Marwah Rizqy (au centre), porte-parole de l’opposition officielle en matière d’éducation, a rencontré les présidents et les vice-présidentes des commissions scolaires de l’Estrie au sujet de la loi 40.

« Ce qu'on veut, ce sont des services pour nos enfants »

La députée Marwah Rizqy, porte-parole de l’opposition officielle en matière d’éducation, a rencontré les présidents des quatre commissions scolaires de l’Estrie pour faire le point sur la loi 40 qui devrait être adopté le 6 décembre prochain. Une réforme qui fait peur tant à la députée qu’à l’ensemble des présidents des quatre commissions scolaires de la Région, soit celle de la Région-de-Sherbrooke, des Hauts-Cantons, des Sommets et Eastern Townships.

« Plusieurs voix se sont élevées contre ce projet de loi, dont les enseignants qui sont sortis dans la rue jeudi. Ce n’est pas une priorité pour les Québécois de jouer dans les structures. Ce qu’on veut, ce sont des services pour nos enfants. On a des défis actuellement dans le réseau de l’éducation et le plus grand défi, c’est la pénurie d’enseignants. C’est là le défi, il faut former et attirer davantage d’enseignants, et le personnel et de professionnels de soutien comme les orthophonistes et les psychologues », explique la députée Rizqy.

« Est-ce que ce projet de loi va améliorer la réussite des élèves? C’est ça la grande question et jusqu’à présent dans tout ce qu’on a pu voir de ce projet de loi, rien ne nous le démontre », ajoute Yves Gilbert, porte-parole régional des quatre commissions scolaires et président de la Commission scolaire des Hauts-Cantons.

La députée Rizqy espère à tout le moins que ce projet mammouth ne sera pas adopté sous bâillon, ce qui reste d’arriver devant la complexité de cet immense projet de loi qui compte 300 articles. En comparaison, le projet de loi sur les maternelles quatre ans en comptait 18. Le ministre de l’Éducation Jean-François Roberge aimerait que les commissions scolaires soient abolies le 20 février et que ce soit déjà le début des centres de services.

« Le ministre Roberge veut aller très vite et il n’a pas l’intention d’entendre tout le monde en commission parlementaire.
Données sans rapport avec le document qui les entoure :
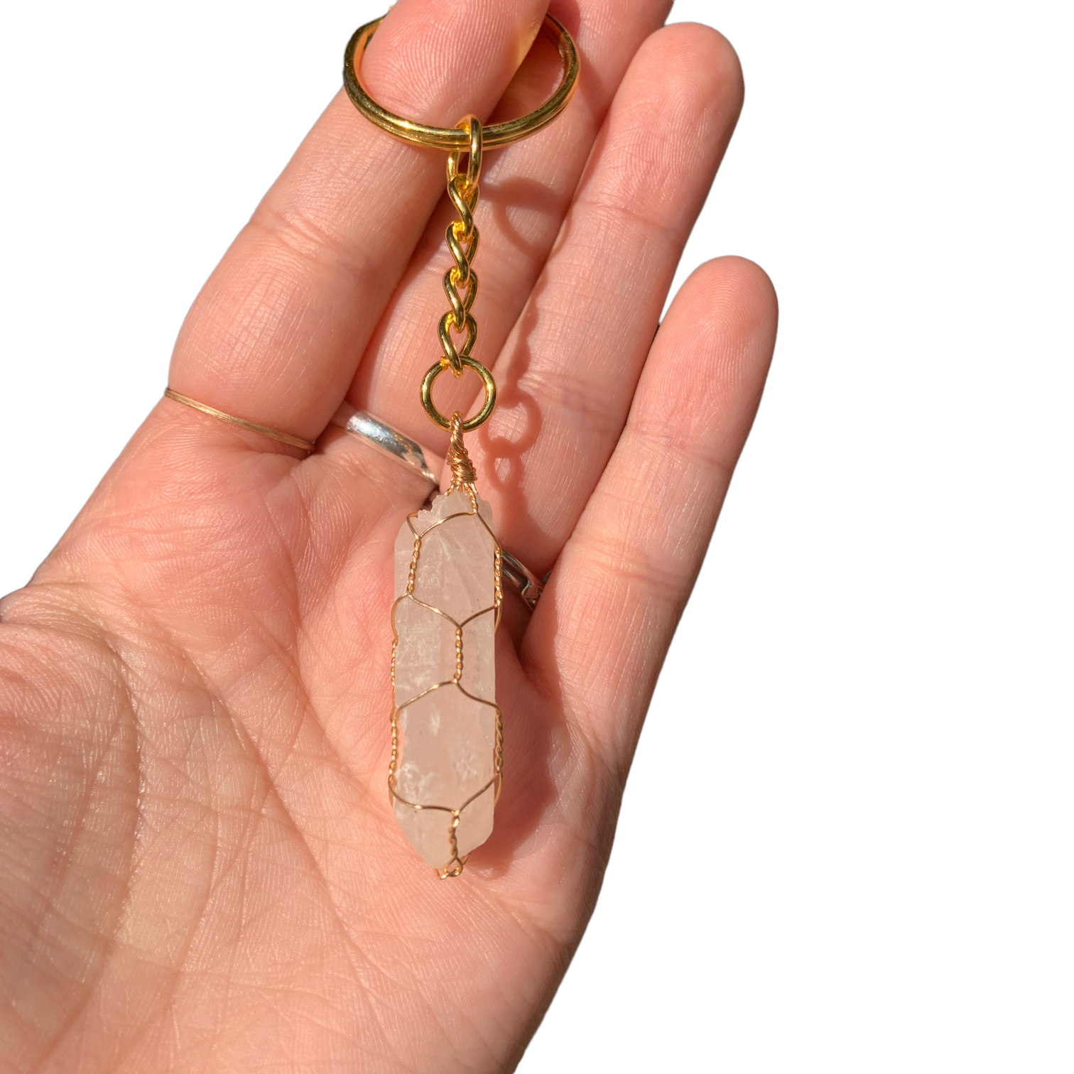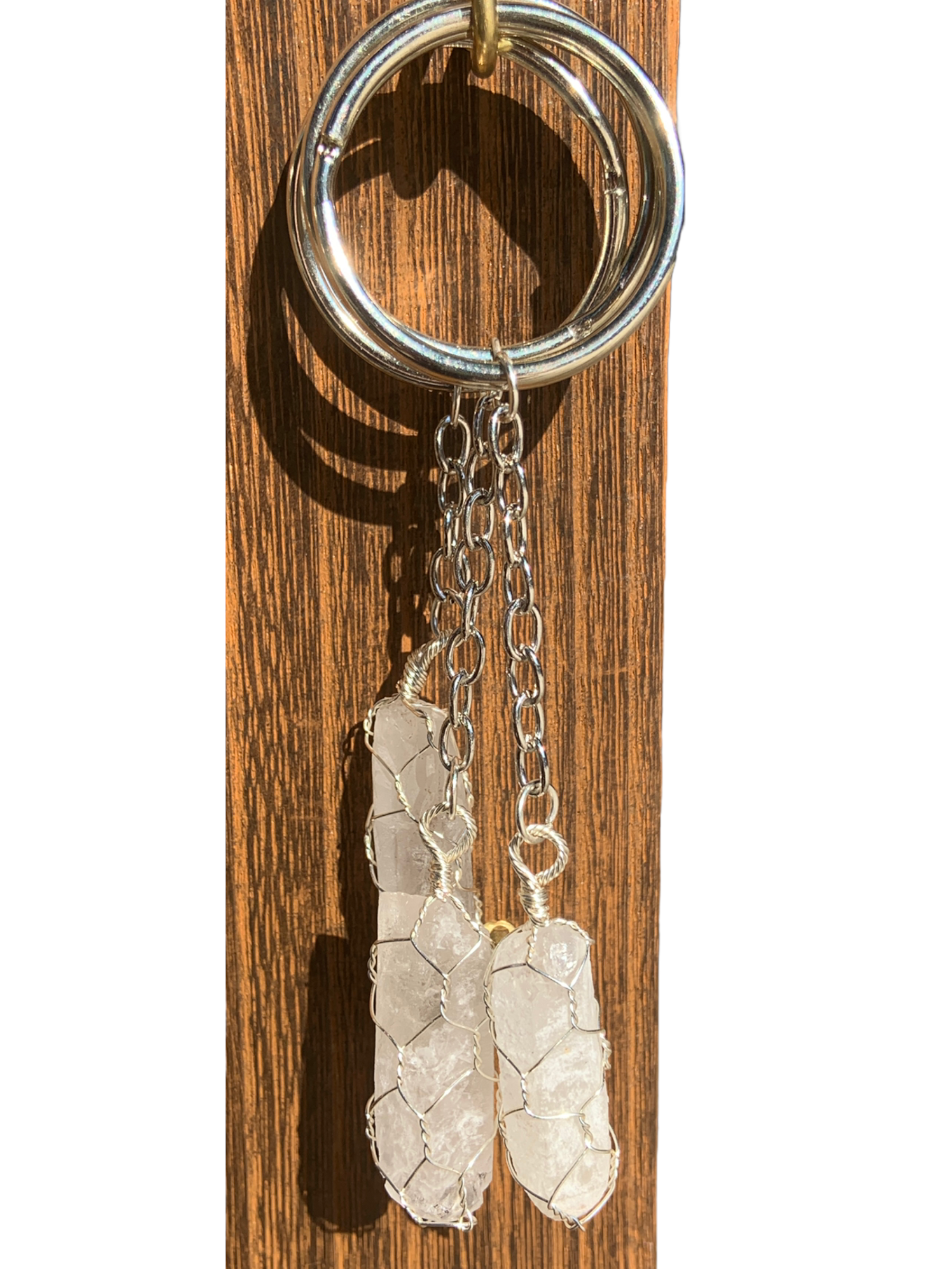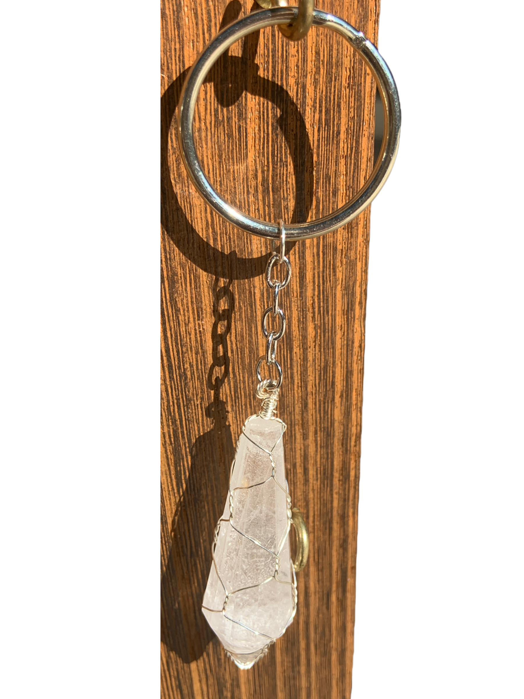 Clear Quartz Caged Wire Wrapped Crystal Keychain

L’Estrie et la Montérégie auront une heure, ensemble, pour se faire entendre en commission parlementaire. Or on sait que les réalités varient grandement d’une ville à une autre, d’une région à une autre », ajoute la députée libérale.

« La première raison d’abolir les commissions scolaires, c’est de dire que les gens ne participent pas. Mais la meilleure façon d’augmenter la démocratie, c’est de donner des outils aux gens, et ce serait de jumeler les élections scolaires avec les élections municipales; on est rendus là au Québec », ajoute-t-elle.

Les commissions scolaires sont le seul échelon démocratique au Québec où l’on a atteint et même dépassé la parité hommes-femmes alors que 51 % des élus sont des femmes.

« Au Parti libéral du Québec, nous avons quatre députées qui sont d’anciennes commissaires scolaires ou présidentes de commissions scolaires. Il y en a d’autres au niveau fédéral aussi », explique-t-elle.

Fichier Excel

Pour Mme Rizqy, ce projet de loi fera en sorte que toutes les situations, à la grandeur de la province, « devront rentrer dans les cases d’un fichier Excel créé par un fonctionnaire au Complexe G », dit-elle.

« Par exemple, il y a un règlement : après 20 km d’autobus scolaire, on peut changer l’enfant d’école en cas de débordement, et ça, ça rentre dans un fichier Excel. Mais le gros bon sens qui doit s’appliquer dans ce genre de situation, ça, ça ne rentre pas dans un fichier Excel », image-t-elle.

La réforme dans le système de la santé lancée par l’ancien ministre Gaétan Barrette en 2015 a été difficile et a fait mal au réseau de la santé, dit la députée, et la réforme que veut entreprendre le ministre de l’Éducation Jean-François Roberge « fera encore plus mal ».

« D’abord, le système de la santé, vous le fréquentez quand vous êtes malade. Le système de l’éducation touche tout le monde, en santé ou malade. Cette réforme va pénaliser toute une génération », dit-elle.

Ensuite, le niveau de démocratie et de gestion par territoire n’est pas du tout le même en santé que dans la gestion du milieu de l’éducation que souhaite entreprendre le ministre Roberge.

« La ministre de la Santé n’intervient pas, elle ne prend pas les décisions pour les établissements. Le ministre de l’Éducation, lui, deviendra le ministre de l’Éducation le plus puissant de l’Occident! » clame Marwah Rizqy.